Change your working directory to Eclipse's workspace. Assume it is under you home directory.

$ cd ~/workspace

Enter the following command

$ mvn archetype:generate -DgroupId=edu.stthomas.gps -DartifactId=SEIS736 \
-DarchetypeArtifactId=maven-archetype-quickstart -DinteractiveMode=false

Note: The backslash at the end of the first line means the command is not complete. We often use it for a long command, so if you want to enter the command on two lines, use it. But if you type the command on one line, you should not type backslash.

After it is done, there will be a directory called SEIS736 created under the current directory. Go into this directory

$ cd SEIS736

Enter the following command (make sure you have access to the Internet):

$ mvn -Declipse.workspace=/home/username/workspace \
eclipse:configure-workspace eclipse:eclipse

Note: Remember to replace 'username' with your real user name

Replace the pom.xml file (under the directory SEIS736) with this one

pom.xml

$ mvn eclipse:clean eclipse:eclipse

Set up M2_REPO environment variable

Note: This step is not needed on OS X.

Go to your home directory

$ cd ~

Open .bashrc file with a text editor, and add the following line to the end of the file, then save and quit.

export M2_REPO=$HOME/.m2/repository

Enter the following command

$ source .bashrc

Import project into Eclipse

Start eclipse, and select File->Import->Existing Projects Into Workspace

Import Existing Projects

Choose SEIS736 and import it into Eclipse

Import

You can now add source file to SEIS736->src/main/java->edu.stthomas.edu and all the Hadoop references should resolve.

Add javadoc for Hadoop

Note: This manual step is currently necessary because Cloudera is missing the Javadoc JAR for hadoop-core.

Go to File->Properties, select M2_REPO/org/apache/hadoop/hadoop-core/2.0.0-mr1-cdh4.4.0/hadoop-core-2.0.0-mr1-cdh4.4.0.jar

Build Path

Double click Javadoc location

Javadoc Location

Enter http://archive.cloudera.com/cdh4/cdh/4/hadoop/api/ into Javadoc location path, then click OK.

Compile the project

Under your project directory SEIS736, enter the following command

$ mvn package

Then in Eclipse, right click SEIS736 and select Refresh. Then you will see a jar file called SEIS736-1.0.jar generated under target directory.

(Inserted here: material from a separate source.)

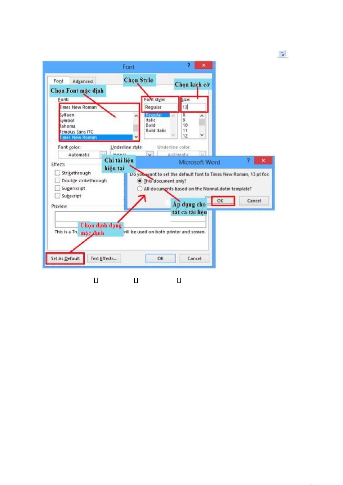 Để thay ổi ịnh dạng font mặc ịnh bạn mở một trang Word trống chọn lOMoAR cPSD| 61152560 Font và m ột số
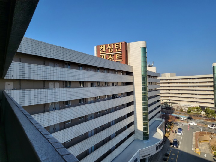 경주 켄싱턴리조트 본관에서 바라본 서관의 모습, 켄싱턴리조트 바로 옆에 한화리조트가 있다. 지하 주차장이 여유롭지만, 대부분 지상주차장에 주차를 한 것 같다. 지하 내려가 봤는데 지하주차장은 텅텅 비어서 오잉? 했다 ㅎㅎㅎ

Upload jar file to the server

Under SEIS736, create a shell script called upload.sh with the following two lines of code

#!/bin/sh
scp -r ~/workspace/SEIS736/target/SEIS736-1.0.jar \
username@hc.gps.stthomas.edu:/home/username/

Then enter the following command

$ mvn install

Reference

Developing CDH Applications with Maven and Eclipse